Supplied data:
────────

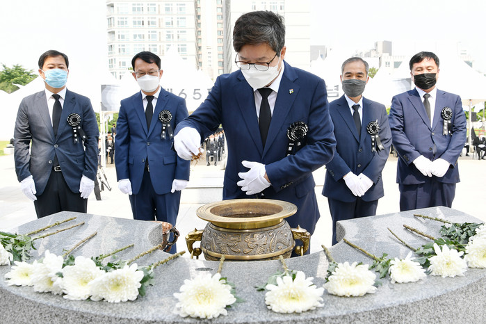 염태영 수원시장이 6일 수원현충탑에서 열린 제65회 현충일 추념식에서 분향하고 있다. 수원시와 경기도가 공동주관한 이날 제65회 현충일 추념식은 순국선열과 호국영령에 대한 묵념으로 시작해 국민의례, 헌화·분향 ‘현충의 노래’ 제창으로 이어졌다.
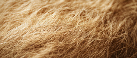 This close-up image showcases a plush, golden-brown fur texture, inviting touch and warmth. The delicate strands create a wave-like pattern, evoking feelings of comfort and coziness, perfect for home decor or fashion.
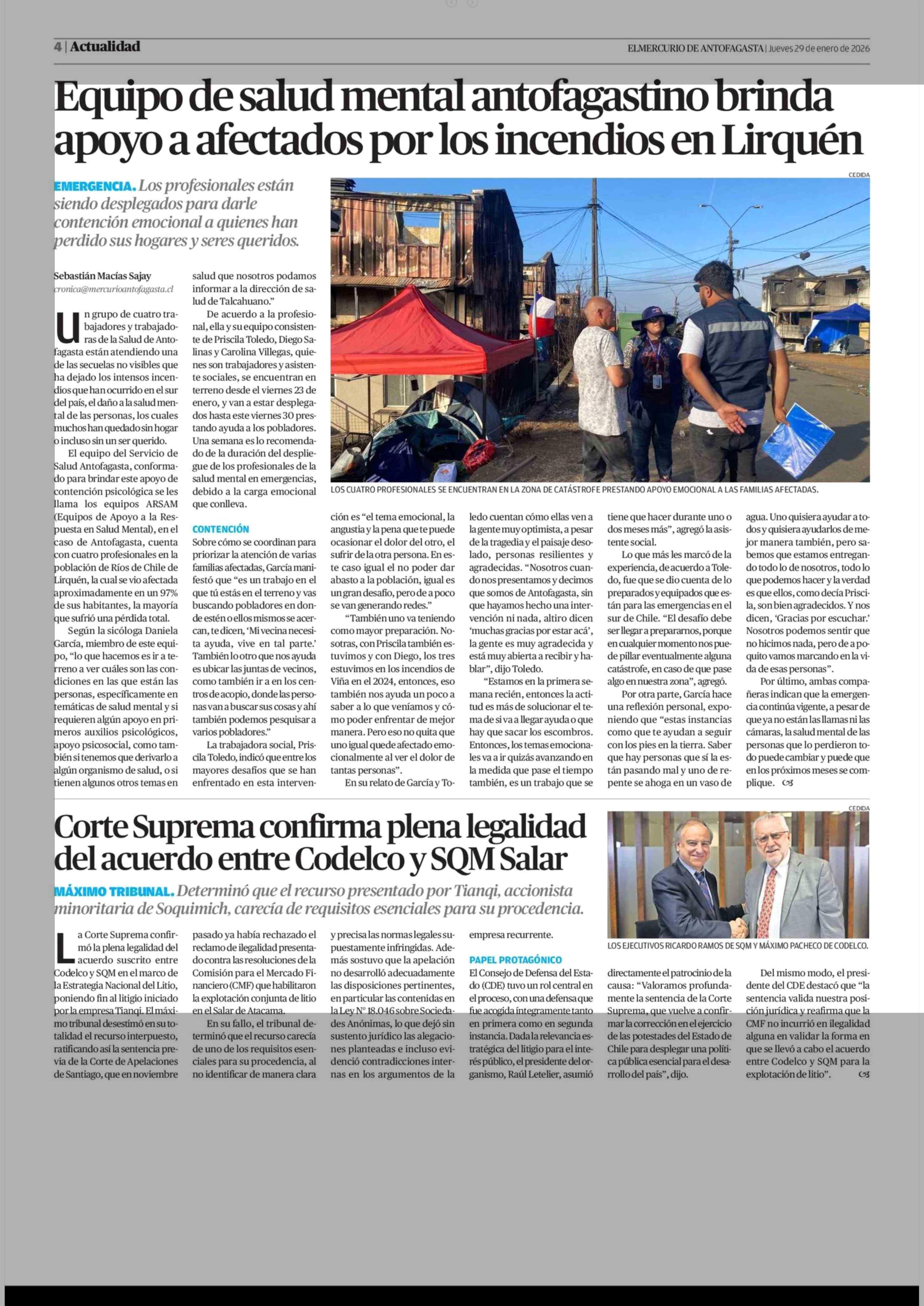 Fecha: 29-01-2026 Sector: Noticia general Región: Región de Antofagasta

────────

Exercise directions: Copy out the material above exactly; the images stay out.

Completed task:
 염태영 수원시장이 6일 수원현충탑에서 열린 제65회 현충일 추념식에서 분향하고 있다. 수원시와 경기도가 공동주관한 이날 제65회 현충일 추념식은 순국선열과 호국영령에 대한 묵념으로 시작해 국민의례, 헌화·분향 ‘현충의 노래’ 제창으로 이어졌다.
 This close-up image showcases a plush, golden-brown fur texture, inviting touch and warmth. The delicate strands create a wave-like pattern, evoking feelings of comfort and coziness, perfect for home decor or fashion.
 Fecha: 29-01-2026 Sector: Noticia general Región: Región de Antofagasta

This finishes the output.